In various embodiments, the video system 30 may communicate the resultant de-hazed RGB image on the display device 40 or save it to a memory or external storage device for later recall or further processing. Although the operation of FIG. 7 is described with respect to an RGB image, it will be understood that the disclosed operation can be applied to other color spaces as well.



FIGS. 8-10 show an example result of the methods described in the previous sections. FIG. 8 shows an image 800 with smoke captured during a surgical procedure using the endoscope system 1. For example, during an endoscopic procedure, a surgeon may cut tissue 804 with an electrosurgical instrument 802. During this cutting smoke 806 may be generated. This smoke 806 would be captured in the image 800.



FIG. 9 shows a de-hazed image 900, where the image 800 from FIG. 8 was de-hazed was based on a constant atmospheric light value. The image 1000, still somewhat obscured by smoke 806, may include an electrosurgical instrument 802 and tissue 804. For example, in a case where a constant atmospheric light value A was used instead of the atmospheric light matrix A being estimated by the formula used in step 506.



FIG. 10 shows a de-hazed RGB image 1000, de-hazed using the method of FIGS. 5 and 7, as described herein. The de-hazed RGB image 1000 may include an electrosurgical instrument 802 and tissue 804. The method may start with the capture of the image 800 of FIG. 8 during a surgical procedure, as in step 502 using the endoscopic system 1. For example, the image may be approximately 20×20 pixels. Next, the video system 30 determines the dark channel matrix of the image as in step 504. For example, the size of the pixel area Ω(x) may be set to approximately 3×3 pixels.


The determined dark channel matrix of the image of FIG. 8 is used by the video system 30 to estimate the atmospheric light matrix by estimating a maximum value among the minimum color component intensities for each pixel in a pixel area, and multiplying this maximum value by a coefficient (e.g., 0.85) as in step 506. Next, as in step 508 the video system 30 calculates a transmission map (T) according to the dark channel matrix and the estimated atmospheric light matrix.


The transmission map (T) is used in a de-hazing operation as described in FIG. 7. At step 702 the video system 30 converts the RGB image I to a YUV image I-YUV. Next, at step 704 the video system 30 applies the de-hazing operation on channel Y (luma) of the I-YUV image by subtracting the estimated atmospheric light component A(x) from the Y (luma) channel and then dividing this difference by the determined transmission map, creating image I-Y′UV. Finally in step 706, the I-Y′UV image gets converted to a de-hazed RGB image 1000 (see FIG. 10).

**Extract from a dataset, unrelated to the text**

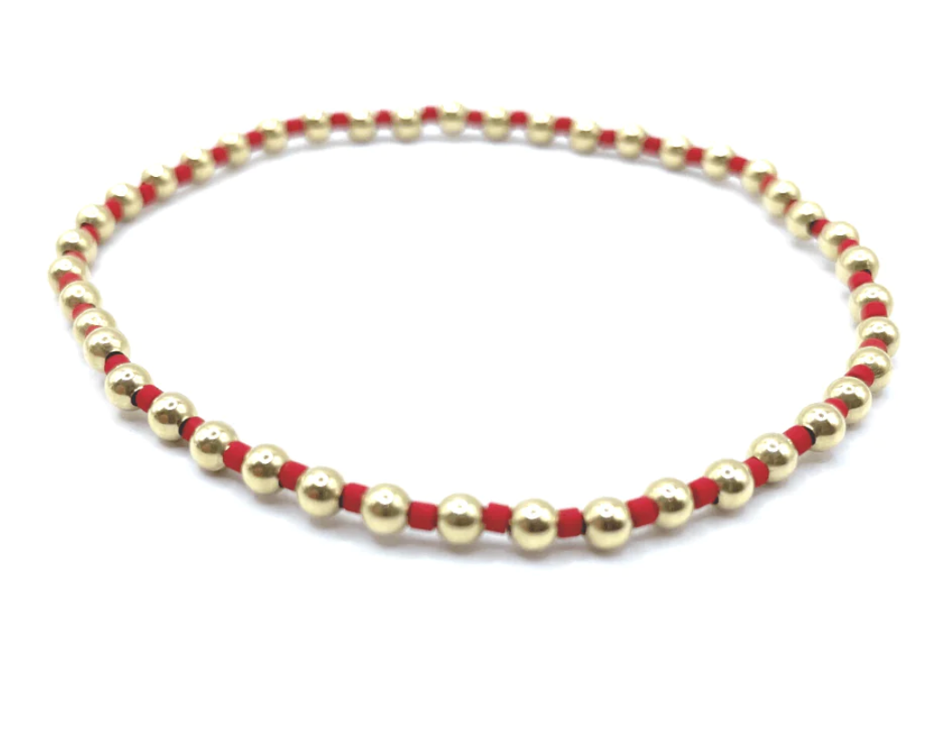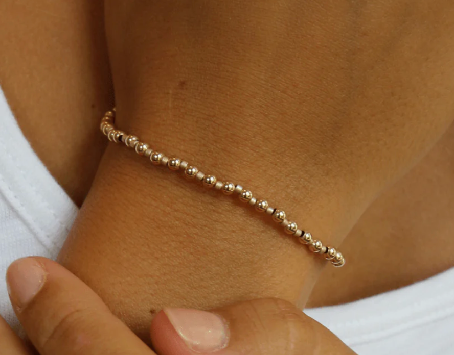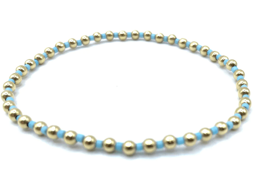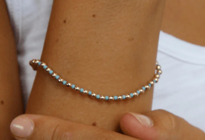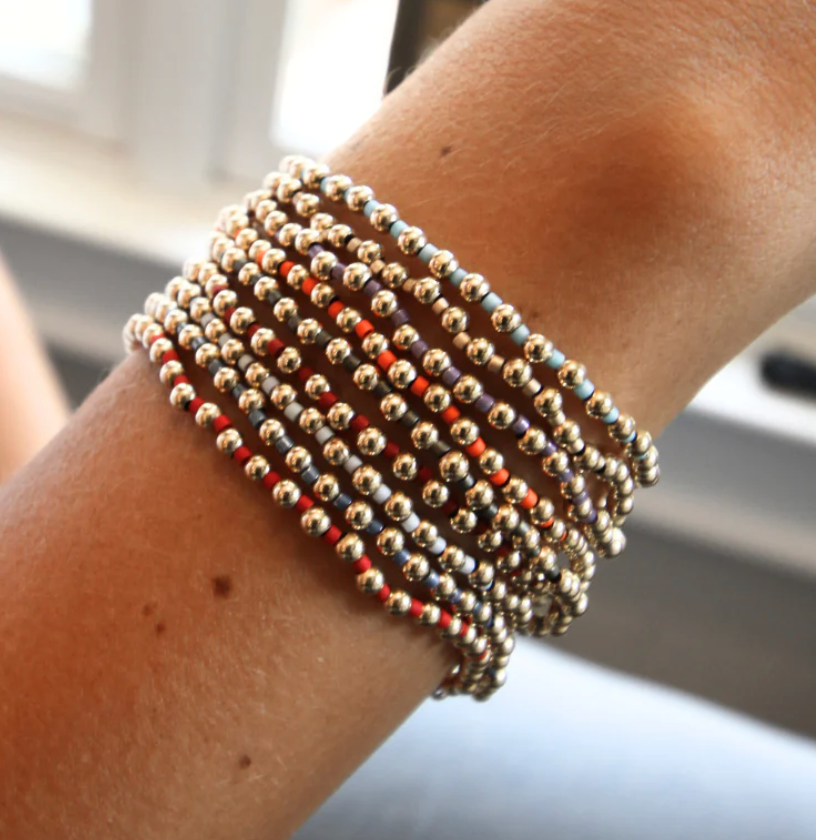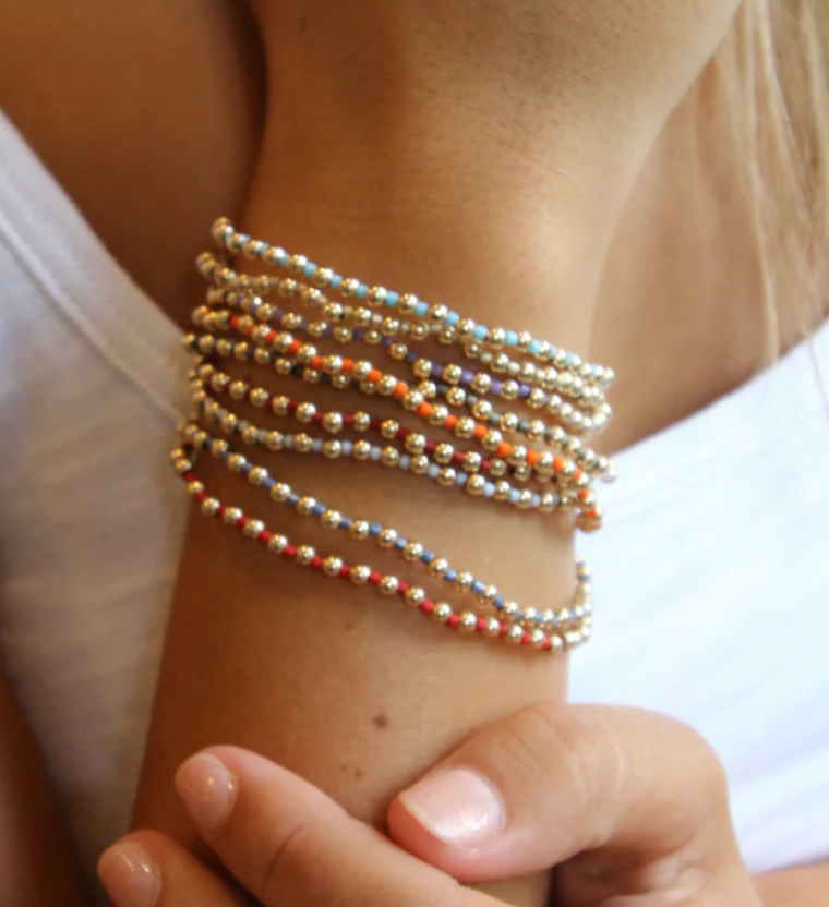 Our Color Crush Collection bracelets include delicate colorful beads dotted with 3mm gold filled beads. Perfect for stacking! Part of our erin gray waterproof collection. Available in 7" bracelets.

The embodiments disclosed herein are examples of the present disclosure and may be embodied in various forms. For instance, although certain embodiments herein are described as separate embodiments, each of the embodiments herein may be combined with one or more of the other embodiments herein. Specific structural and functional details disclosed herein are not to be interpreted as limiting, but as a basis for the claims and as a representative basis for teaching one skilled in the art to variously employ the present disclosure in virtually any appropriately detailed structure. Like reference numerals may refer to similar or identical elements throughout the description of the figures.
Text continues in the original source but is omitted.